Numpy's dtype documentation only shows "x bits exponent, y bits mantissa" for each float type, but I couldn't translate that to exactly how many digits before/after the decimal point. Is there any simple formula/table to look this up in?

[This](https://en.wikibooks.org/wiki/A-level_Computing/AQA/Paper_2/Fundamentals_of_data_representation/Floating_point_numbers) is a note on what exponent and mantissa do in decimal, in binary everything is the same, just instead of base 10 it is base 2. I think you can figure it out from there since you are the "mathguy". (Hint: translate upper and lower limits to decimal representation and see number of digits you get.) — campovski, Jun 09 '19 at 13:19
It's not a dumb question at all, but the answer is complicated, and depends on how you're going to use the information. For example, the IEEE 754 `binary64` type can faithfully represent any not-too-large not-too-small decimal value with 15 or fewer significant digits, but to represent a `binary64` value faithfully in decimal requires 17 decimal digits. There are arguments to be made for various different values in the range 15-17. — Mark Dickinson, Jun 09 '19 at 13:23
[`np.finfo`](https://docs.scipy.org/doc/numpy/reference/generated/numpy.finfo.html) should give you all you need to know. — Paul Panzer, Jun 09 '19 at 13:23
Thinking of a binary floating-point as “containing” decimal digits is hazardous because that is not how the mathematics works. Although it may be possible to effectively store a certain number of decimal digits in a floating-point number and get them back out because the format is precise enough to support that, arithmetic done with the numbers will use binary, and that will change the numbers in “non-decimal” ways, and you cannot expect to get an answer with the same number of decimal digits you would get with decimal arithmetic. — Eric Postpischil, Jun 09 '19 at 23:32

Netch · Accepted Answer · 2019-06-10T04:58:43.633

This is not as simple as usually expected. For accuracy of mantissa, there generally are two values:

Given a value in decimal representation, how many decimal digits can be guaranteedly preserved if converted from decimal to a selected binary format and back (with default rounding).
Given a value in binary format, how many decimal digits are needed if value is converted to decimal format and back to original binary format (again, with default rounding) to get the original value unchanged.
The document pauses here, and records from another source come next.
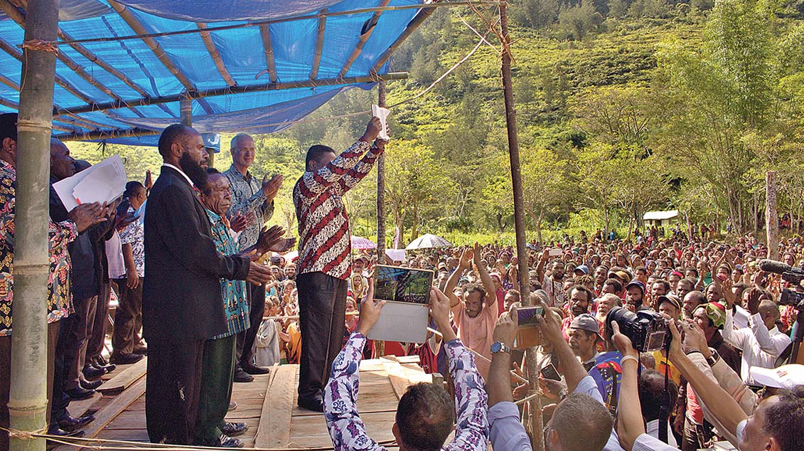 Ein Sonntag in Apahapsili, im Hochland von Westpapua in Ostindonesien: „Wai-jo hu-je – hinter den Bergen lebten wir, finster war es – wai-jo hu-je – Gott hat uns gefunden, hell strahlt jetzt sein Licht“, singen sie im Rhythmus ihrer alten Tanzlieder. Mit Blumenkränzen im Haar und leuchtend farbigen Tragnetzen auf dem Rücken tanzen Frauen und Kinder an der Spitze eines langen Zuges. Hinter ihnen eine Reihe kräftiger Männer, die schwere Kisten tragen. Den Zug beschließen rund hundert Gemeindeleiterinnen und Gemeindeleiter in festlichen Gewändern.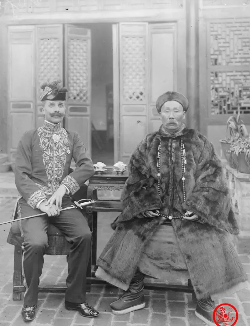 最后这张是法领事和地方大员的合影,一边是皮草长袍,一边亮闪闪的西服,桌上三只景泰蓝盖碗静静就着,一人眼神凌厉,一人微笑含糊,这里头的分量掂不出来,反正礼没有少,排场做足,现在合影都讲究靠肩贴头,那会儿谁也不让谁,风水轮流转。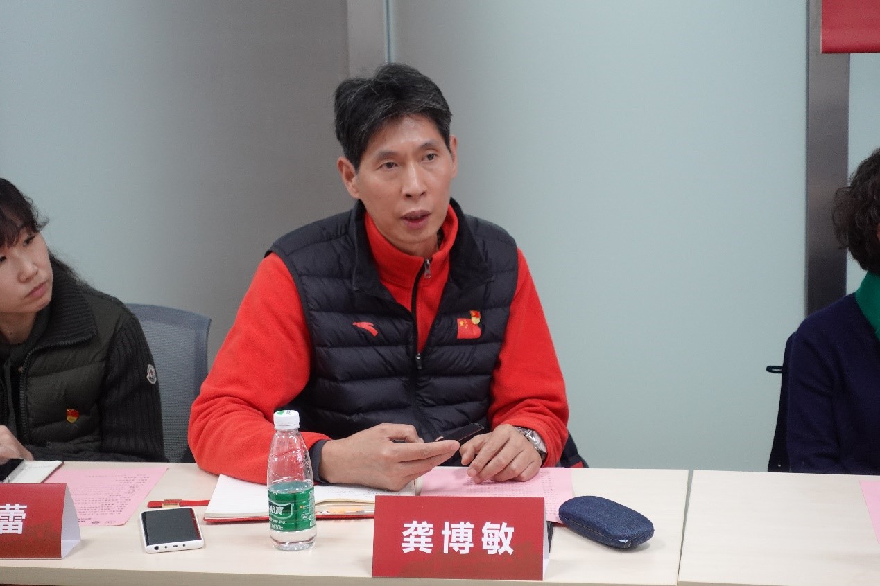 龚博敏书记以“立德树人、强体报国”为分享主题,介绍了“组织力提升工程”“课程思政提升工程”“党建品牌创建工程”和“党建品牌引领工程”四大创建工程,紧扣以“政治建设”为统领、以“立德树人”为根本、以“文化传承创新”为载体、以“护佑百姓身心健康”为宗旨作支部特色展示。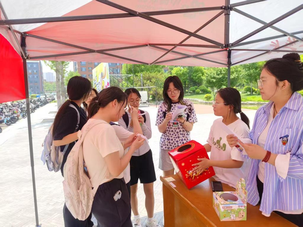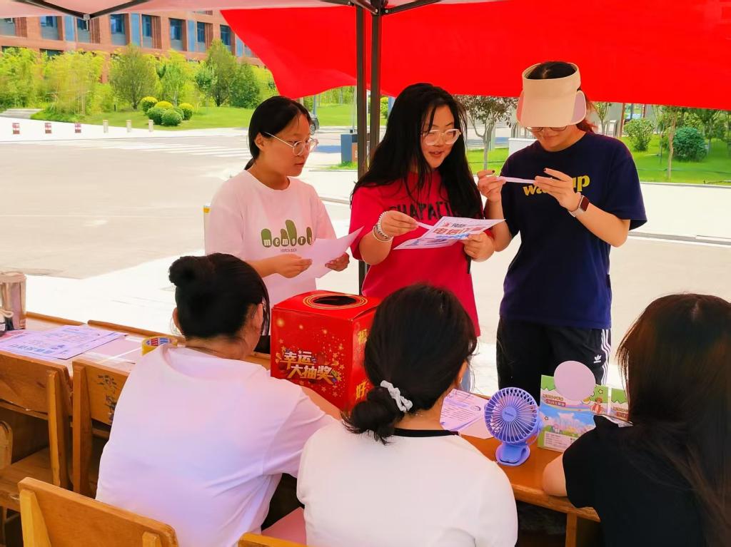 活动现场精彩纷呈,秩序井然。身着统一红色马甲的志愿者们将精心设计的反诈宣传手册递到往来学生手中。咨询区前,鲜红的反诈骗横幅格外醒目,吸引众多学生驻足咨询。

In both cases, decimal representation is treated as independent of used exponent, without leading and trailing zeros (for example, all of 0.0123e4, 1.23e2, 1.2300e2, 123, 123.0, 123000.000e-3 are 3 digits).

For 32-bit binary float, these two sizes are 6 and 9 decimal digits, respectively. In C <float.h>, these are FLT_DIG and FLT_DECIMAL_DIG. (This is weird that 32-bit float keeps 7 decimal digits for total most of all numbers, but there are exceptions.) In C++, look at std::numeric_limits<float>::digits10 and std::numeric_limits<float>::max_digits10, respectively.

For 64-bit binary float, these are 15 and 17 (DBL_DIG and DBL_DECIMAL_DIG, respectively; and std::numeric_limits<double>::{digits10, max_digits10}).

General formulas for them (thx2 @MarkDickinson)

${format}_DIG (digits10): floor((p-1)*log10(2))
${format}_DECIMAL_DIG (max_digits10): ceil(1+p*log10(2))

where p is number of digits in mantissa (including hidden one for normalized IEEE754 case).

Also, comments with some mathematical explanation at C++ numeric limits page:

The standard 32-bit IEEE 754 floating-point type has a 24 bit fractional part (23 bits written, one implied), which may suggest that it can represent 7 digit decimals (24 * std::log10(2) is 7.22), but relative rounding errors are non-uniform and some floating-point values with 7 decimal digits do not survive conversion to 32-bit float and back: the smallest positive example is 8.589973e9, which becomes 8.589974e9 after the roundtrip. These rounding errors cannot exceed one bit in the representation, and digits10 is calculated as (24-1)*std::log10(2), which is 6.92. Rounding down results in the value 6.

Look for values for 16- and 128-bit floats in comments (but see below for what is 128-bit float in real).

For exponent, this is simpler because each of the border values (minimum normalized, minimum denormalized, maximum represented) are exact and can be easily obtained and printed.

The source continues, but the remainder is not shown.